Risk score, explained
The CVSS 3.1 score of 4.7 reflects a Medium severity rating. The score is driven by network accessibility (AV:N), low attack complexity (AC:L), and no privilege requirement (PR:N), but is tempered by the requirement for user interaction (UI:R) and changed scope (S:C), combined with only confidentiality impact (C:L) and no integrity or availability impact (I:N, A:N). This is a reasonable assessment given that exploitation requires pre-existing renderer compromise. The score does not capture the prerequisite nature of the attack; organizations should not over-weight this number without considering the two-stage attack requirement.
Frequently asked questions
Do I need to prioritize this as an emergency patch?

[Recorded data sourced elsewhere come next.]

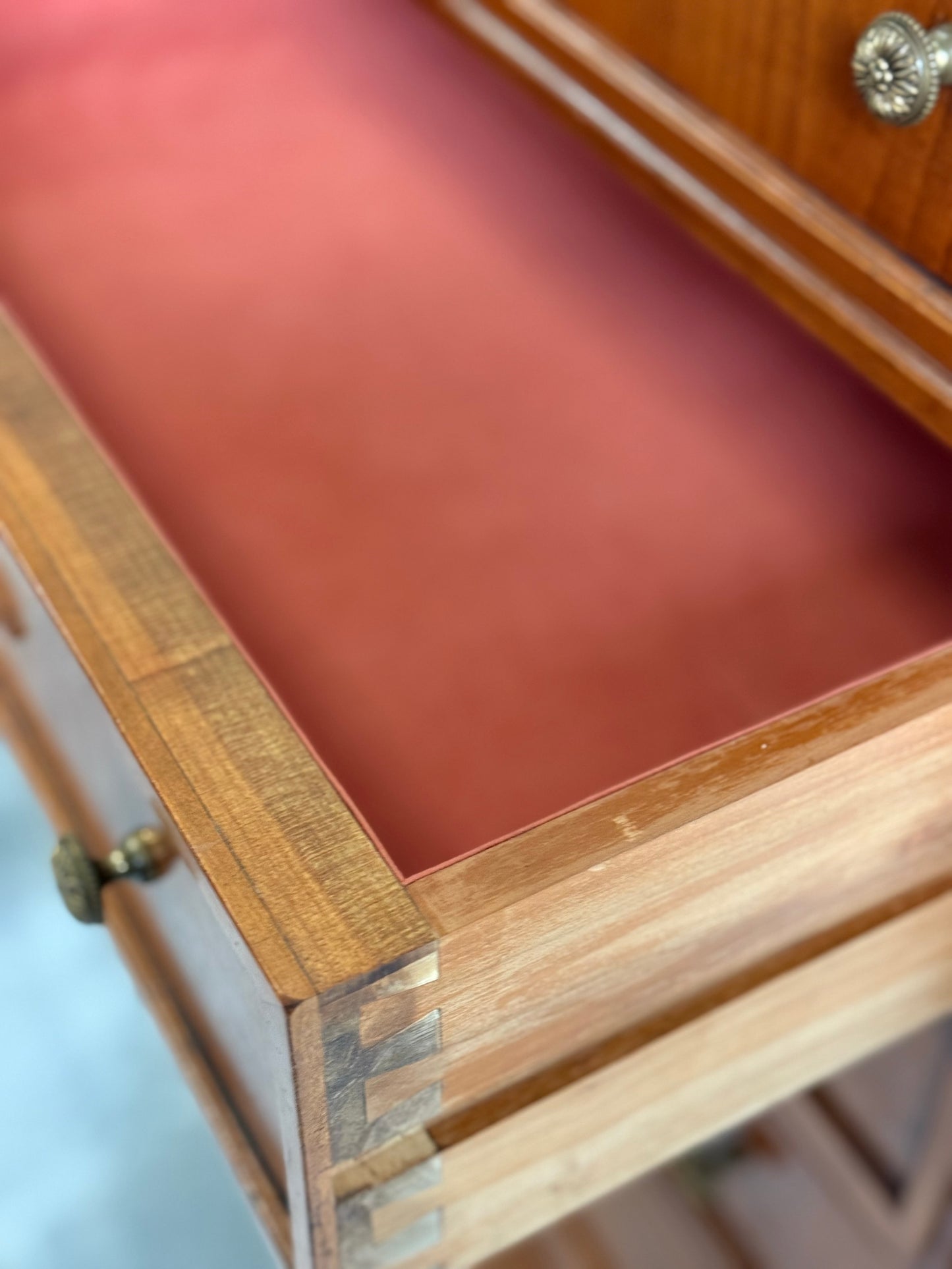 Very nice vintage French Chest of drawers in excellent condition. Lovely pink velvet lined drawers. Pretty details with seven drawers raised on turned legs.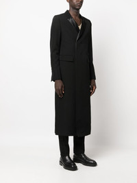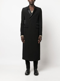 double-breasted wool midi coat Highlights - Jet black - Wool/cotton - Peak lapels - Double-breasted button fastening - Three front flap pockets - Long sleeves - Buttoned cuffs - American rear vent - Straight hem - Mid-length Made in Italy Composition Outer: Wool 100%, Polyester 100% Lining: Cupro 100%, Cotton 100% SIZE & FIT Model measurements Height 6 ft 2 in(1.87 m) Bust/Chest 36.41 in(92.5 cm) Hips 37 in(94 cm) Waist 29.52 in(75 cm) FittingInformation Designed for a slim fit, offering a comfortable fit that sits just away from the body The vented hem offers movement at the rear Made from a midweight non-stretch fabric This piece fits true to size – take your usual size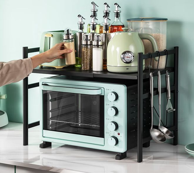 独特的设计理念,结合现代家居风格,既实用又时尚。可调节的高度,适应不同厨房需求,轻松放置微波炉,解放你的操作台。让你在烹饪时更加游刃有余,享受烹饪的乐趣。 高质量材料,稳固耐用,承重能力强,不用担心承载问题。无论是大厨还是新手,这款置物架都能成为你厨房的得力助手。再也不怕找不到调料,所有小物件都能井然有序!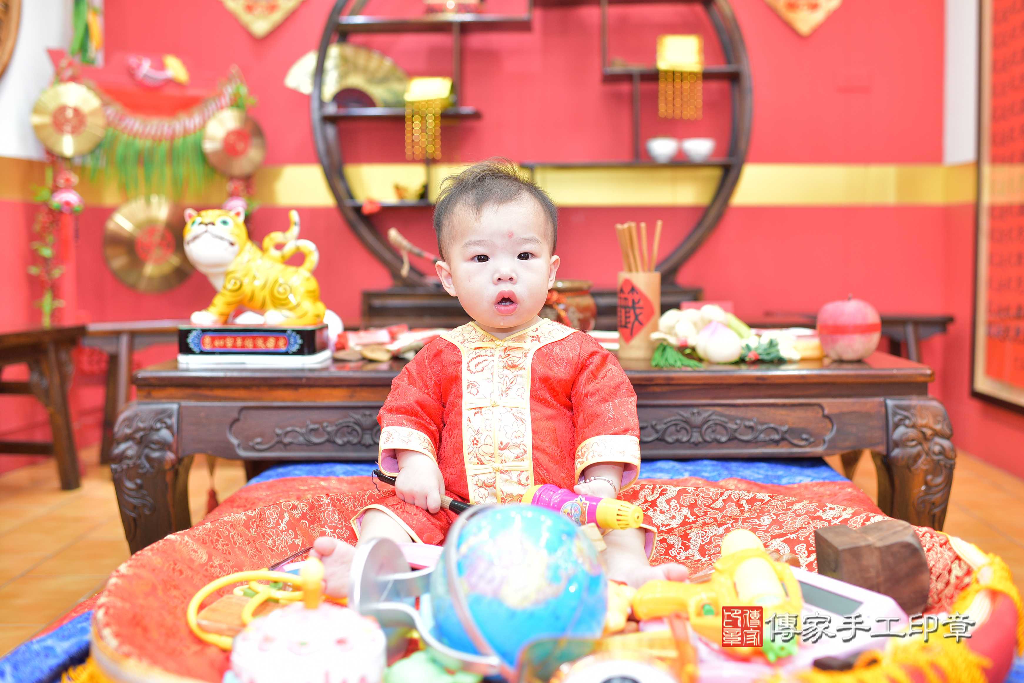桃園市八德區邱寶寶抓周推薦:傳家桃園店抓周度脺中國風會場,嬰兒古禮抓周流程儀式吉祥話、抓周道具物品24種、拍照。抓周證書。2023.06.21

No. While the vulnerability enables same-origin policy bypass, it requires an attacker to have already compromised your Chrome renderer through another vulnerability first. Treat this as a routine security update within your standard patch management cycle (2–4 weeks), unless you are actively defending against targeted attacks targeting your organization.

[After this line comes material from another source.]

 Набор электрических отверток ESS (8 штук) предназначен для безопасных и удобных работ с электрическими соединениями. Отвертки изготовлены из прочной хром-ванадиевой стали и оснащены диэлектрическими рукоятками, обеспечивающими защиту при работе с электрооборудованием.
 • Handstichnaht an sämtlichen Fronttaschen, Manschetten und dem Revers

What is the FoldableAPIs feature and who uses it?
FoldableAPIs are a web standards API for detecting foldable device hardware states (like screen fold position on Samsung Galaxy Z devices). Most organizations and websites do not yet implement this feature. Unless you explicitly use foldable device detection on your web properties or extensively test on foldable hardware, this vulnerability has limited direct attack surface for you.

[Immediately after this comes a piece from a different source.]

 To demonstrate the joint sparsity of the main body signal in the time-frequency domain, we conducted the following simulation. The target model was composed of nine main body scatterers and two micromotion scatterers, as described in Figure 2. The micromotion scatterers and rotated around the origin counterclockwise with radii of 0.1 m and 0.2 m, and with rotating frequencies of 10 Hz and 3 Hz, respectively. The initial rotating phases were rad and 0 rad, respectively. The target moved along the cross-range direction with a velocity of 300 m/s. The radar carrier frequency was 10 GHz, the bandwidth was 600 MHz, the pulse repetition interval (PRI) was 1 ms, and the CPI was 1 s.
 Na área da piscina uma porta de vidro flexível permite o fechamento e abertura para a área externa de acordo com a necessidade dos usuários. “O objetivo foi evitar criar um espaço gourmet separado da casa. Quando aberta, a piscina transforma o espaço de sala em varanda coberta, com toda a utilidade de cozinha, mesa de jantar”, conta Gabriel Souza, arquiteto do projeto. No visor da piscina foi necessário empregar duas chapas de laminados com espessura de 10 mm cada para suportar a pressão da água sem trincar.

If our renderer is already compromised, what can an attacker do with same-origin policy bypass?
An attacker can exfiltrate data that would normally be protected by same-origin policy—such as cookies, session tokens, or data stored on other websites the user visits. They cannot execute arbitrary system commands or break out of the browser sandbox with this vulnerability alone. The damage is primarily confidentiality-related and depends on what sensitive data is accessible to the user's browser session.
Will Chrome auto-update protect us?
Yes, provided auto-update is enabled (the default for most users) and devices restart or update in a timely manner. However, verify actual version adoption on your managed devices rather than assuming deployment signals. Use your endpoint management tools to confirm version 149.0.7827.53 or later is active across your fleet.
This analysis is provided for informational purposes and reflects publicly available information current as of the publication date. Vulnerability data, including CVSS scores and vendor advisories, is subject to change. Organizations should verify patch availability and version numbers directly from Google's official security advisories and Chrome release notes. This summary does not constitute professional security advice; consult your security team or a professional advisor for guidance specific to your environment. No exploit code or weaponized proof-of-concept information is provided or endorsed. Source: NVD (public-domain), retrieved 2026-07-13. Analysis generated by SEC.co (claude-haiku-4-5).